17

The JVM optimzes String concatenation with + and replaces it with a StringBuilder. This should be the same in Scala. But what happens if strings are concatenated with ++=?

var x = "x"
x ++= "y"
x ++= "z"

As far as I know this methods treats strings like char seqences, so even if the JVM would create a StringBuilder it would lead to many method calls, right? Would it be better to use a StringBuilder instead?

To what type is the String converted implicitly?

1
  • 2
    Can you unaccept my answer and pick either som-snytt or Rex Kerr? Commented Sep 2, 2014 at 21:24

2 Answers 2

16

There is a huge HUGE difference in time taken.

If you add strings repeatedly using += you do not optimize away the O(n^2) cost of creating incrementally longer strings. So for adding one or two you won't see a difference, but it doesn't scale; by the time you get to adding 100 (short) strings, using a StringBuilder is over 20x faster. (Precise data: 1.3 us vs. 27.1 us to add the string representations of the numbers 0 to 100; timings should be reproducible to about += 5% and of course are for my machine.)

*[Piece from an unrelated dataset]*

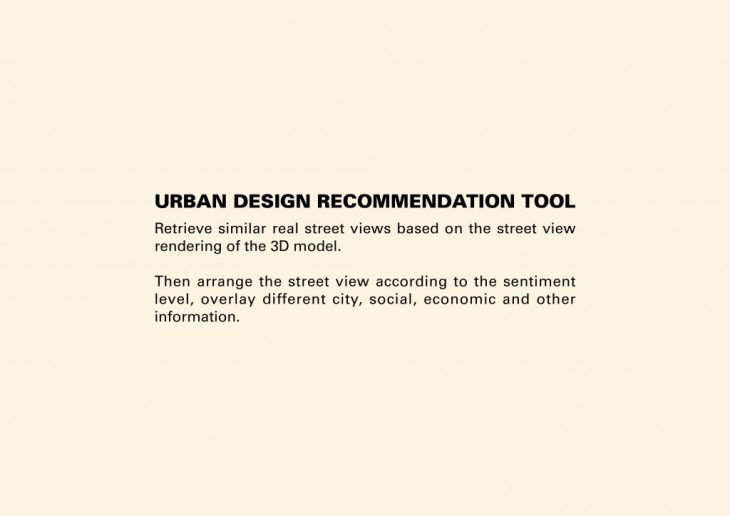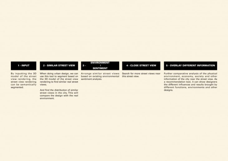 The tool is based on the above content, through the semantic segmentation of the designed 3D model street view rendering image, to find a similar real street view. In order to understand the relationship between design and real environment.

Using ++= on a var String is far far worse yet, because you are then instructing Scala to treat a string as a character-by-character collection which then requires all sorts of wrappers to make the String look like a collection (including boxed character-by-character addition using the generic version of ++!). Now you're 16x slower again on 100 additions! (Precise data: 428.8 us for ++= on a var string instead of +='s 26.7 us.)

If you write a single statement with a bunch of +es then the Scala compiler will use a StringBuilder and end up with an efficient result (Data: 1.8 us on non-constant strings pulled out of an array).

So, if you add strings with anything other than + in line, and you care about efficiency, use a StringBuilder. Definitely don't use ++= to add another String to a var String; there just isn't any reason to do it, and there's a big runtime penalty.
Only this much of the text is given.